A Look at the WOMBAT Architecture

• WOMBAT is based on an architecture proposed by Dale Skrien.
• I have my own personal simulation environment for this architecture.
  • It is written in C++
  • Uses FLTK
  • Uses flex and bison compiler tools.
  • If these tools are installed in a linux environment, you should be able to build it.
  • I have no idea about windows.
  • I would love to have this moved to javascript available on line, if interested see me. (There is a student working on this)
  • I would love to have a circuit level implementation of this machine, if interested see me.
• There are three components currently.
  • An assembler (was)
  • A gui simulator (guiSim)
  • A text based simulator (sim)
• Documentation is available here as are example programs, source code, ...
• The machine has a very simple instruction set
  • All basic instructions operate on
    • The data at the address in memory
      • You may assume memory is a large array of integers.
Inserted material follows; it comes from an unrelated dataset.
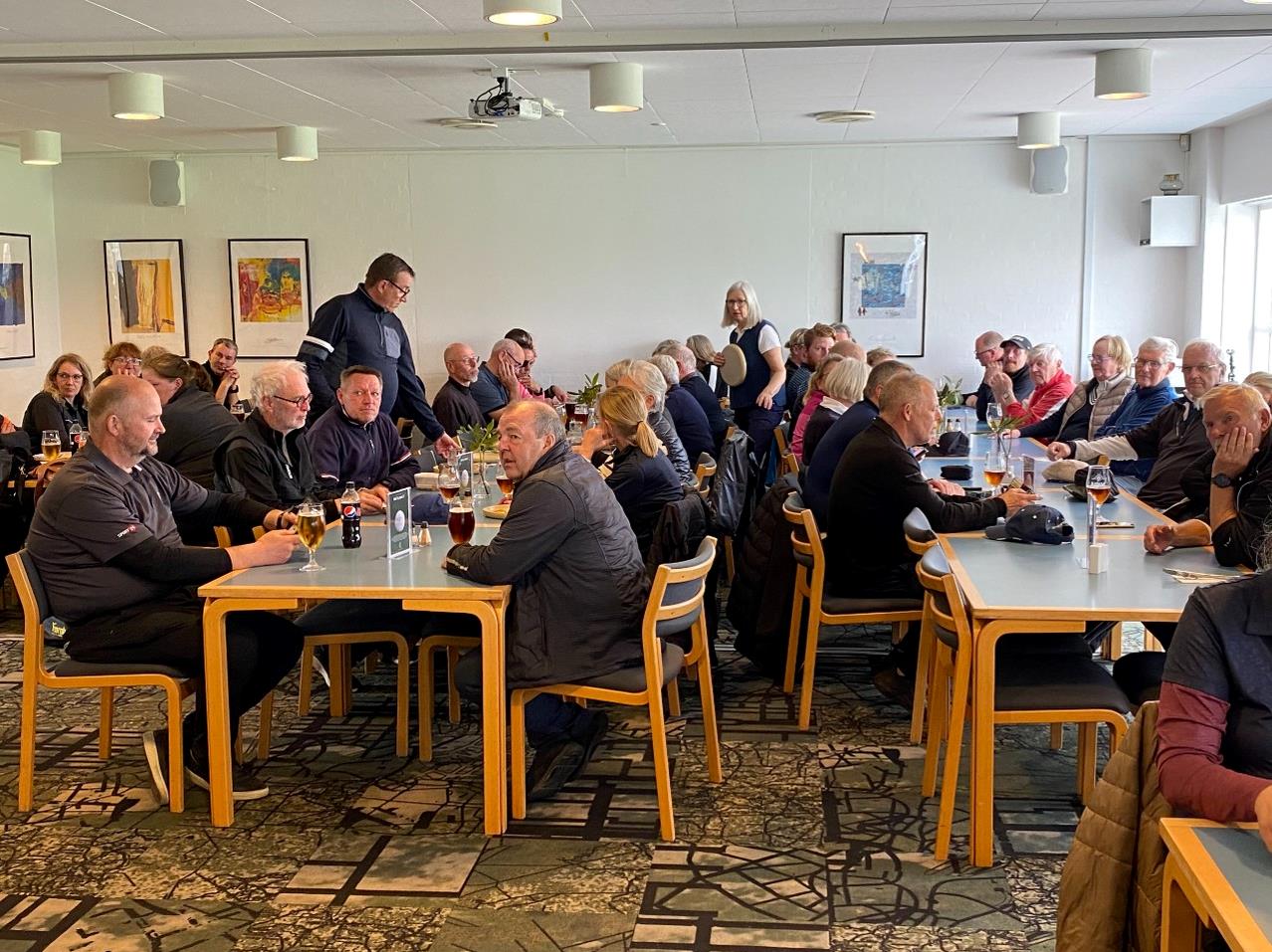 Dagen startede med en lækker brunch i golfrestauranten, hvor Bo orienterede om dagens aktivitet og at vi skulle indvie den nye funktion i GolfBox, hvor man skal indtaste scores i appen med markørgodkendelse - spændende at se, hvordan det ville forløbe. Der var dog udskrevet et pap scorekort, som backup, hvis det viste sig at elektronikken gav problemer.

      • Index from 0 to MEMORY_SIZE
      • Memory is byte addressable
        • The smallest amount of memory you can access is a byte
      • But for all practical purposes, all data and instructions must be word aligned.
        • A word, in this machine, is 16 bits.
        • The last bit in a legal address is a 0.
        • Bytes 0 and 1 constitute a word
        • Bytes 2 and 3 constitute a word
    • The single general purpose register, the accumulator (ACC).
  • ADD 100
    • Fetches the 16 bit word at memory location 100 (this is hex)
    • Adds this to the value currently stored in the accumulator
    • Stores the result in the accumulator.
  • The same is true for Subtract, Multiply, Divide
  • LOAD will load a value from memory and store it in the accumulator.
  • STORE will store the value of the accumulator into the location in memory.
  • ADDI does not use memory, instead the value listed in the instruction is added to the accumulator and stored in the accumulator.
  • LOADI and STOREI allow for indirect indexing.
    • Think pointer.
    • The pointer is stored in memory.
  • READ and WRITE are instructions that perform input and output
    • Data is either read from or written to the accumulator.
    • Output is presented to the user.
    • The inREG is a special purpose input register.
    • The outREG is a special purpose output register.
  • JMP, JMPN and JMPZ are used for flow control.
    • JMP changes the program counter (PC), a special purpose register, to the value stored in the instruction.
    • Both JMPN and JMPZ examine the program counter.
      • If it is negative (JMPN)
      • Or if it is zero (JMPZ)
      • The value of the PC is changed the value encoded in the instruction.
  • STOP is fairly self explanatory.
• Other hardware components.
  • Instructions are stored in a special purpose register called the instruction register (IR)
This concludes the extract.